Take one example the continued exploration in a producing field.

Once a discovery is found to be commercial, two distinct activities begin. One, to bring the discovery to production at the earliest. Two, to extend the reservoir limit and find additional reservoirs around the first. It is known that areas around existing fields have higher prospectivity. Additional discoveries help maintain a healthy reserve-to-production ratio, sustain production for a longer period, improve facilities’ utilisation and lower costs. These upsides exist globally, and are part of normal business operations. Such exploration ensures that all subsoil oil and gas is discovered and extracted, which, theoretically, should be of prime importance to a hydrocarbon-deficit country like India.

Exploration is a petroleum operation, and all petroleum operations are permitted in the PSC (production sharing contract) without let or hindrance. But, in India, the government decided to object to additional exploration, subsequent to the exploration period designated for the first discovery. Repeated representations by the industry resulted in a policy guideline in February 2013, where such exploration was permitted but was ring-fenced till the FDP (field development programme) approval post the commercial discovery. As a result, the entire exploration risk, which was earlier shared between the operator and the government, was transferred to the operator alone. It also increased the threshold for developing a field in case of exploration success.

What is the result of such a policy? The operator risk has increased manifold, and it shall now only attempt those additional explorations where costs and risks are relatively low. Consequently, many potential oil and gas resources that might otherwise be discovered and subsequently produced remain unexplored. Operators’ income from the field also takes a dip. An unintended consequence is the drop in funds available for new bids. Actual experience shows that the amount of such additional exploration in ML (mining licence) areas has been minimal since this policy was brought. Could we have discovered and produced more oil and gas? Perhaps yes.
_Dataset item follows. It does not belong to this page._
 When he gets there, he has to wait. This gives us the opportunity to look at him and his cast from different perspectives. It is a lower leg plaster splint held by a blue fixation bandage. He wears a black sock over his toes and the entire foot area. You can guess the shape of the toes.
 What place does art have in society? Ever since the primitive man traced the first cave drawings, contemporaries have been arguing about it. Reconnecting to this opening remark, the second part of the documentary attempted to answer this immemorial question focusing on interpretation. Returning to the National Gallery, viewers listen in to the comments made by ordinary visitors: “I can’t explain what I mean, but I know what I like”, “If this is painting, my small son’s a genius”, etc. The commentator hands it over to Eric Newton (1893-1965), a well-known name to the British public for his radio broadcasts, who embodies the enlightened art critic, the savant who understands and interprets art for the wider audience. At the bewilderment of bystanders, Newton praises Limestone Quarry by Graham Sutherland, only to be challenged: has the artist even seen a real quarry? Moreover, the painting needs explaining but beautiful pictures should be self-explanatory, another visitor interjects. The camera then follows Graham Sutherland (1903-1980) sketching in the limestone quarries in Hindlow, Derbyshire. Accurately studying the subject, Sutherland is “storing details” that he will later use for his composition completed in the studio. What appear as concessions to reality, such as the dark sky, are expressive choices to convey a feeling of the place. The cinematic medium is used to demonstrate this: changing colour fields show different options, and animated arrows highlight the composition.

Policy is not a contract. It can be changed, particularly if the change furthers the objectives of contract, and is in the interest of both the parties. In this case, if the policy is changed and ring-fencing removed, then all exploration costs shall be shared between the operator and the government, as was originally in the PSC, versus the entire cost being borne by the operator under ring-fencing. An unsuccessful exploration shall be a revenue-negative event for both the operator and the government (it must be noted the operator is bearing the entire cost, and loss to the government is only notional through reduced anticipated revenue). Given the scarcity of capital, the operator undertakes such exploration only after due diligence, but it accepts these losses if they occur. On the government side, the policymaker has to accept some revenue-adverse events may occur, but are justified because India needs to explore more. The probability favours the government getting much higher oil and revenue. This hiccup has so far proved insurmountable, particularly in view of past CAG reports.
The NELP (New Exploration & Licensing Policy, 1999), under which these contracts were signed, states expedited exploration and maximisation of production as the objectives. The previous government declared “production and not revenue” as the primary consideration for decision-making, which, if effective, would immediately reverse this policy. Yet despite many representations to revisit the policy and bring it in line with professed objectives, the policy continues, and current operators continue to suffer.

After doing a root-cause analysis of the above and many other policies that are similarly comatose, the industry requested the government to notify a policy statement asserting the primacy of expedited exploration and maximisation of production rather than revenue as the objective. The logic formed the basis of some policies issued in February 2019. But, the policy statement, as requested, was not notified.

Hence, there is no protection for the decision-maker if any amendment to the existing policy results in a theoretical adverse revenue to the government or a big gain to the operator—even if the same happens because of a big discovery and additional oil production. It is likely that in the absence of such a policy statement, the above and many other policies that require a revisit, to bring all processes in line with current and updated thinking, will not happen.

Not only is the inimical policy continuing, but it is understood that it is being interpreted even more rigidly by making the fence tighter, thus increasing risk and reducing exploration.

PM Narendra Modi has thrown a challenge to the industry to reduce imports by 10% by 2022. To achieve this, policies also must converge to extract the last subsoil molecule of hydrocarbons. To facilitate this, all legacy policies giving primacy to revenue need to be revisited, and demotion of revenue as only a secondary or tertiary objective needs to be notified. Once the processes of current E&P operators are consistent, not only will production increase, but will also release the spirits to boost participation from current and new companies.